Poul Anderson, Operation Chaos (New York, 1995).
The Johannines need police licenses to light their crypts with Hands of Glory. The Johannine priest Marmiadon reminds me of James Blish's white magician, Fr. Domenico, in Black Easter. Two nervous men, both conjure angels but are closer to the diabolical than they realize.
Thus, Blish's white monks of Monte Albano can join our list of fictional religious groups. See here. Heinlein's Angels of the Lord fake miracles with technology whereas the Johannines and the monks exercise genuine supernatural powers. Heinlein's Fosterites make a lot of noise. Anderson's Fr. Axor of the Galilean Order and the Jerusalem Catholic Church humbly seeks evidence for a Universal Incarnation.
Blish's Roger Bacon and Fr.

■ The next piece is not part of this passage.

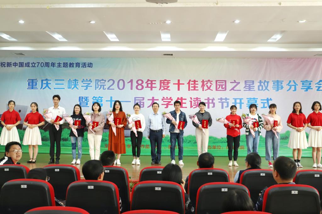 最后,李金斌在讲话中鼓励大学生们积极参与课外阅读活动,多读书,读好书,让读书成为一个习惯;并代表学校向获得“校园十佳之星”的集体和个人表示了真切的祝贺。同时提出了三点希望:见贤思齐,向身边的榜样学习;品读经典,促进书香校园;争做新时代的优秀三峡学子。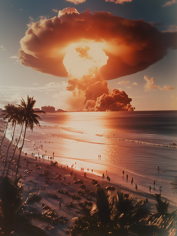 Een opvallende en dramatische scène waarin een serene strandomgeving contrasteert met een immense paddenstoelwolk in de verte. De gouden gloed van de zonsondergang vermengt zich met de vurige oranje tinten van de explosie, terwijl silhouetten van palmbomen en strandgangers een gevoel van alledaagse rust oproepen. De overweldigende wolk symboliseert zowel destructie als kracht, terwijl de rust van de kustlijn een surrealistisch contrast biedt. Het werk speelt met thema’s als natuur, menselijkheid en de kwetsbaarheid van het bestaan, vastgelegd in een adembenemend schouwspel.

Ruiz-Sanchez are members of real religious orders, Franciscan and Jesuit, and Anderson wrote of a Jesuit who communicated across space. See here.
1 comment:
Kaor, Paul!
It's a pity we don't see more of Fr. Axor after THE GAME OF EMPIRE. How did his quest for evidence of Christ becoming Incarnate on other worlds end? What did Fr. Axor do in later life? Did he become either a parish priest or a teacher of archaeology?